V-22 Passes 2,000 Hour Milestone

First 1,000 took 18 months, second 1,000 took only 5 months

On April 22, during a flight by one of VMX-22's Block A (newest model) MV-22s, the V-22 fleet surpassed the 2,000-flight hour milestone since the program's return to flight in May of 2002.  The mark includes hours flown by the MV-22 Integrated Test Team based at NAS Patuxent River, Maryland, the CV-22 ITT based at Edwards AFB, California, and VMX-22, the Osprey Test and Evaluation squadron based at MCAS New River, North Carolina.

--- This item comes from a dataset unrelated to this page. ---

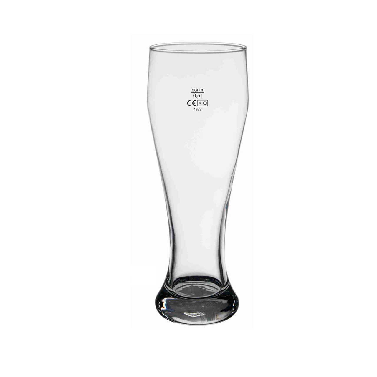 Sklenice pro pšeničná nebo svrchně kvašená piva, vhodná i pro prémiové ležáky s cejchem 0,5 l.

"This is a great milestone," said Kevin Morgan, V-22 Flight Test Director, from his Pax River office.  "This achievement is the direct result of our disciplined approach to test."  Morgan noted that it took 18 months to accumulate the first 1,000 hours but only 5 months to log the second. "We have more airplanes now, but we've also really hit our stride in the last few months," he said.

While VMX-22 remains involved in preparations for the Osprey's operational evaluation early next year, the ITT continues to realize success in developmental test.  Osprey No. 24 returned on April 29 from a productive six-month icing detachment in Halifax, Nova Scotia while Osprey No. 10 has nearly finished its high-wind testing in Lubbock, Texas.  Future ITT efforts in support of VMX-22's OPEVAL include Phase IV of shipboard suitability, formation flight, austere landings, air-to-air refueling using the new retractable probe, and mission software validation.

"The two thousand hour milestone not only demonstrates incredible teamwork by the ITT and VMX-22," said Col. Craig Olson, USAF, V-22 Joint Program Manager, "it also provides an opportunity to reflect on what those flight hours have accomplished toward changing perceptions toward the revolutionary capabilities of the V-22."